Know how much you’re worth based on some of the factors we discussed earlier in this article, and always work with a professional as they can help you successfully navigate the negotiation process so you have amenable terms you’re willing to sign for. Having a licensed attorney to do a full contract review can be an invaluable resource to have on your side. A full contract review will offer unlimited consultations, comprehensive consultation audits, and a two to three-day turnaround.

Read this: Can You Negotiate Physician Contracts?

Your Salary and Disability Insurance

Every physiatrist can protect their salary by making sure to invest in disability insurance. Disability insurance is designed to support you during times of injury or illness, providing you with access to the funds you need to help you manage your daily expenses. Two types of disability insurance at your disposal are individual and group policies.

Doctors often see group insurance as more affordable and desirable because employers subsidize the cost. That being said, they often come with several disadvantages.

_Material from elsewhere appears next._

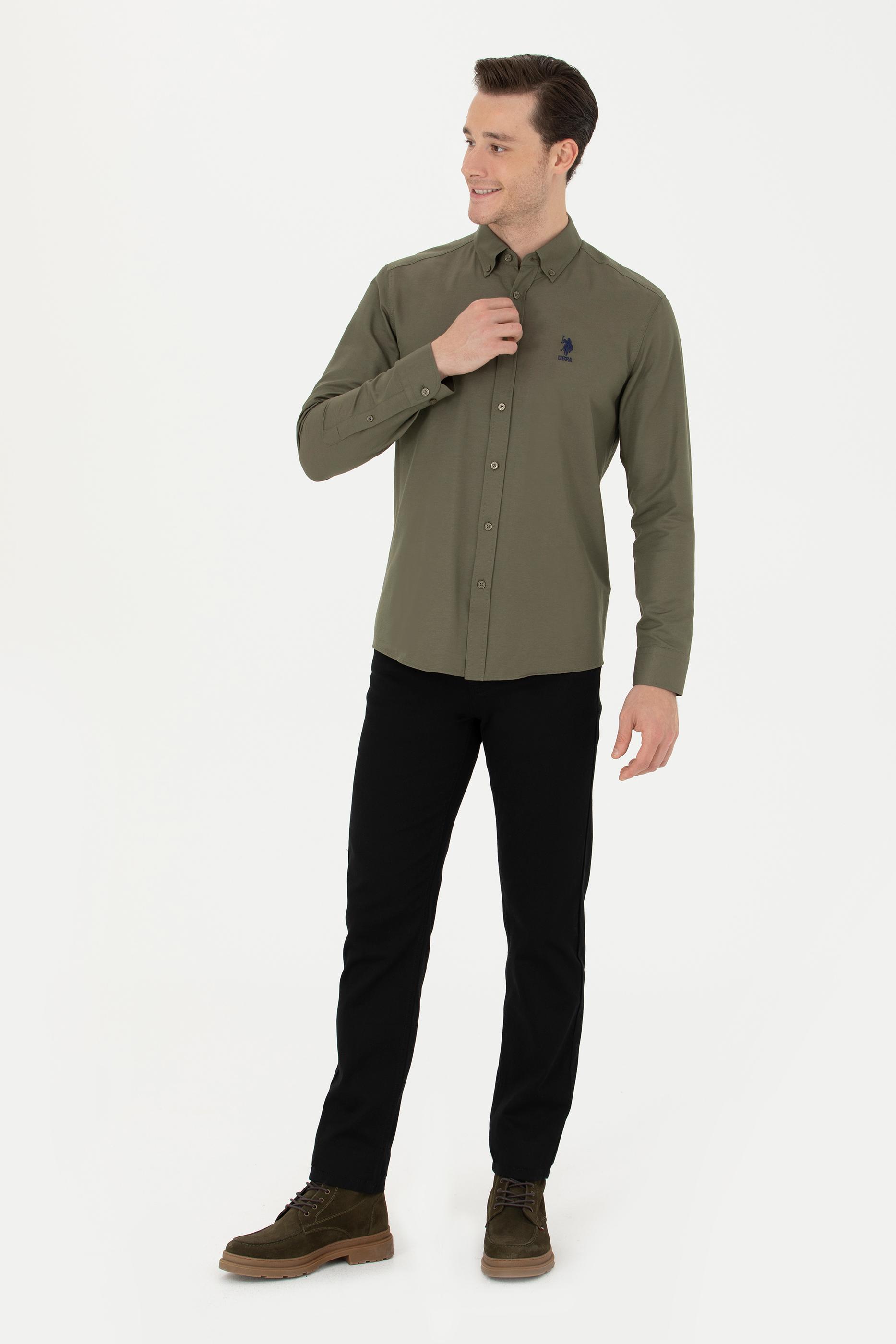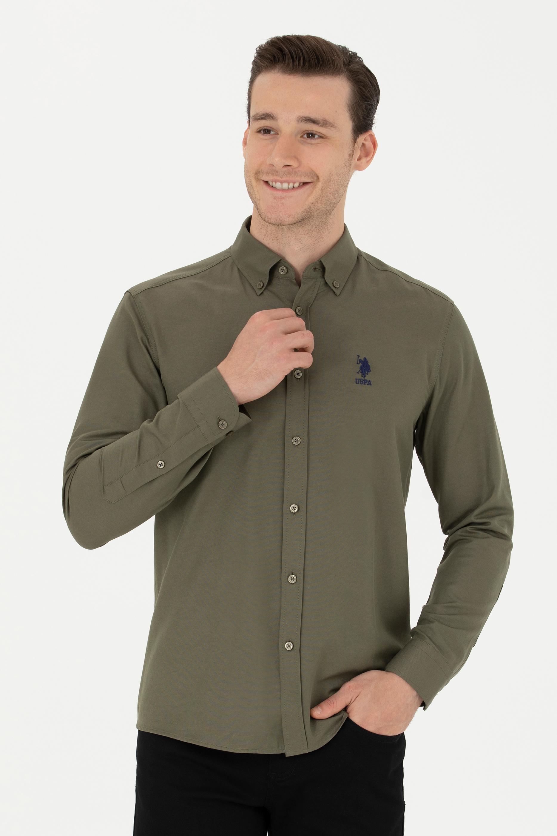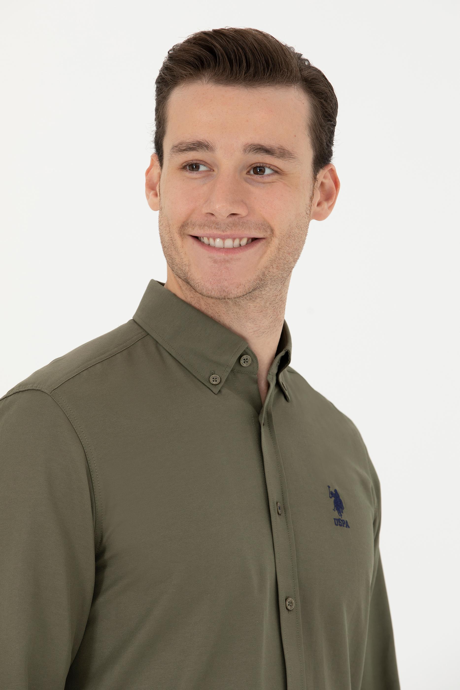 - Erkek Haki Uzun Kollu Basic Gömlek

Group insurance policies may exclude certain disabilities, aren’t portable, only cover base income as well as offer partial disability benefits, and may be taxable.

Meanwhile, individual Insurance policies are portable, covering you between jobs and offering customization based on personal needs. They typically cover all sources of income, won’t require you to pay taxes on your benefits, offer steady premiums, and support additional riders. Overall, individual policies tend to be the best fit for most physicians, even if they do cost a little bit more than their group policy counterparts.

The decision to become a physiatrist can be both rewarding and lucrative, but only if you know how to navigate contract negotiations, go where the money is, and make decisions that will support your career over time. If you’ve either gotten your degree or are planning on getting your degree and figuring out all of the details now, use the guide above to review everything you need to know as you move forward with your PM&R career.